Se Poetarum Silva fosse un film sarebbe Strade Perdute – Lost Highway di David Lynch. Un noir moderno, costruito perfettamente sull’inconscio dei personaggi. Esattamente come chi scrive su Poetarum.
Se conoscete questo classico di Lynch, e provate a ripensare alla trama, (ma ce l’ha davvero una trama?), potreste chiedervi quale sia il nesso. Nessuno, se non gli intenti, le atmosfere, la mente.
Ci piace il mood, abbiamo accolto testi di persone che dicevano di venire da un luogo non pervenuto, forse alieno. Ci fidiamo, non tracciamo confini. Come la scena della telefonata durante il party.
Le parole, su Poetarum Silva, come le immagini che Fred Madison, il protagonista fuori di senno, crede di vedere, sono come scatole cinesi, tutto è una vertigine del pensiero, tutto è surreale.

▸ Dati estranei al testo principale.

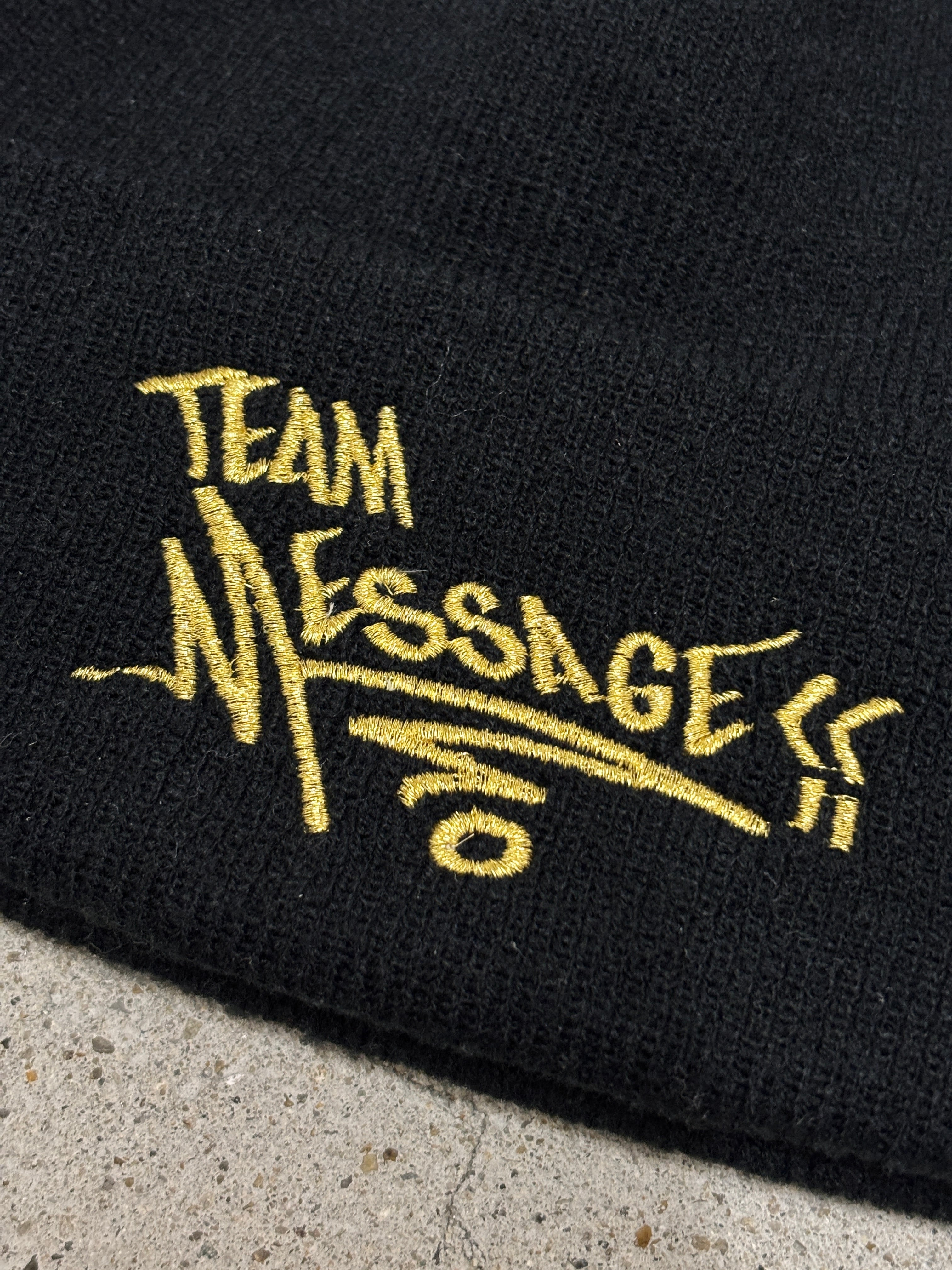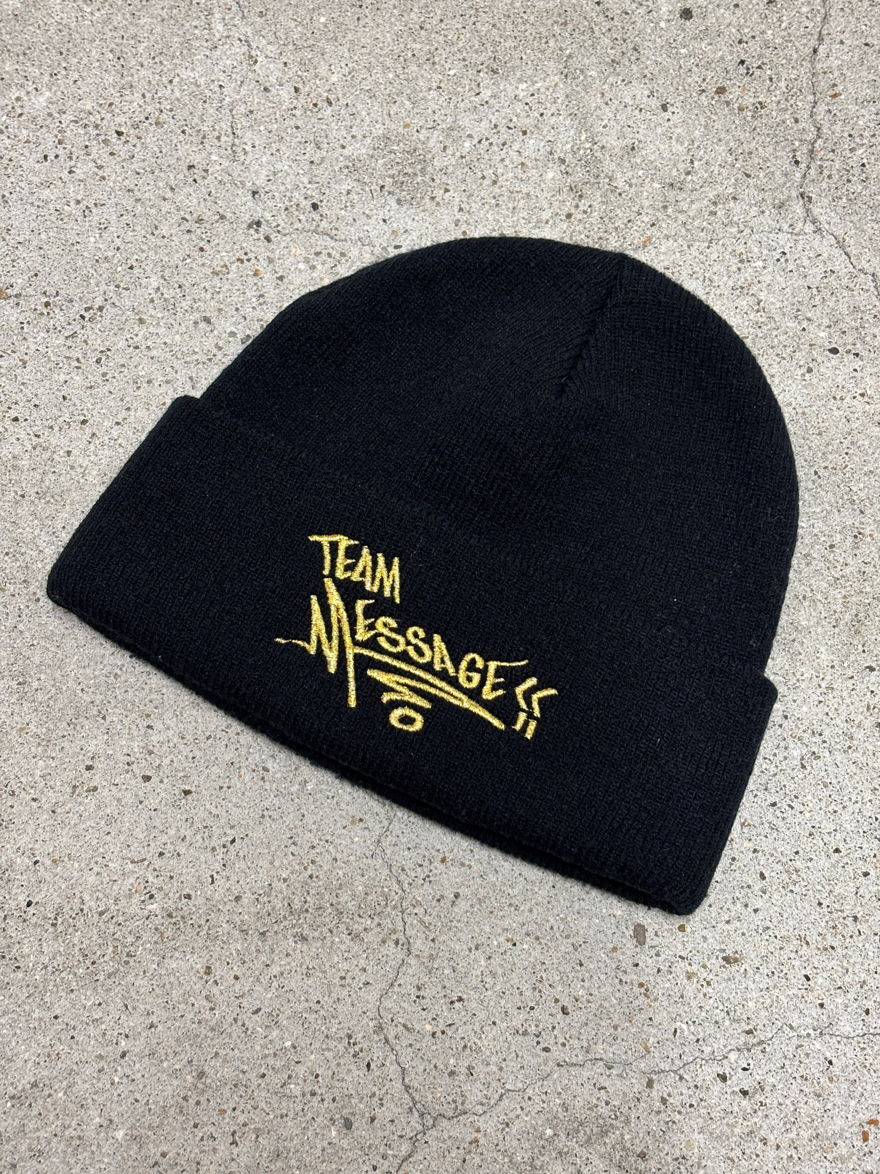 00s TEAM MESSAGE/Logo embroidery Beanie/Free/刺繍ロゴビ-ニ-/ニット帽/ニットキャップ/ブラック/ゴールド/チ-ムメッセ-ジ/帽子/ア―カイブ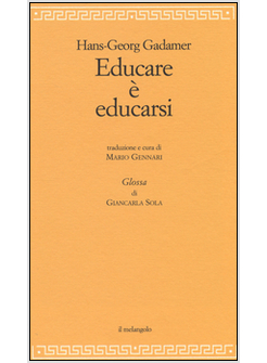 Scrive Hans-Georg Gadamer in "Erziehung ist sich erziehen": "Per iniziare, sostengo: l'educazione (Erziehung) è educare se stessi (sich erziehen), la formazione (Bildung) è formare se stessi (sich bilden)". "Educare è educarsi", contiene il testo di una bellissima e lucida conferenza tenuta dal filosofo di Heidelberg all'età di novantanove anni. In essa vengono anzitutto trattati due grandi temi: la formazione e l'educazione dell'uomo. Il successo editoriale in Germania è dipeso anche dal linguaggio colloquiale con cui sono affrontati i problemi relativi alla scuola, all'infanzia, alla gioventù, all'essere genitori, allo studio delle lingue, ma anzitutto ai modi dell'educare. Gadamer li declina partendo dal fatto che, per diventare degli esseri "educati", occorre imparare a "educare-se-stessi" prima ancora che la famiglia, la scuola e la società contribuiscano a farlo. Il volume è curato da Mario Gennari, che ne è anche il traduttore. Alla sua Postfazione segue una Glossa di Giancarla Sola.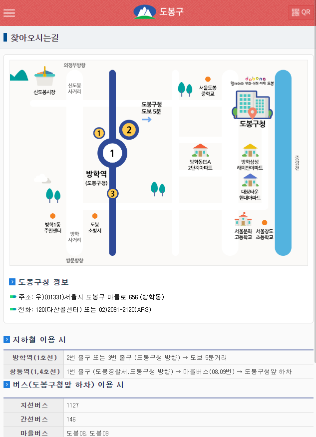 찾아오시는길 메뉴에서는 도봉구청의 주소와 전화번호 그리고 지하철이나 버스 이용시 도봉구청까지 접근할 수 있는 방법을 안내하고 있습니다.

Ogni vicenda ha più versioni, più verità, più bugie, più io, le narrazioni sono doppie, non c’è un filone, c’è l’estro. Uno spazio etereo fra realtà e immaginazione (lì vale tutto per noi).
Ci sono storie, poesie, racconti, critiche, autrici e autori che non vivono di un’unica interpretazione.
Che non la vogliono e non la cercano, un’unica interpretazione. Esattamente come Lynch nella sua pellicola.
Notare bene: nessuno fa la fine Renée qui, ma sappiamo perfettamente che la scrittura può essere fatale come Alice, fatale come un’arma, come un killer, come l’ego. Nessuna censura.
E quindi? Chissà. Un po’ come il finale senza un vero finale di Lost Highway.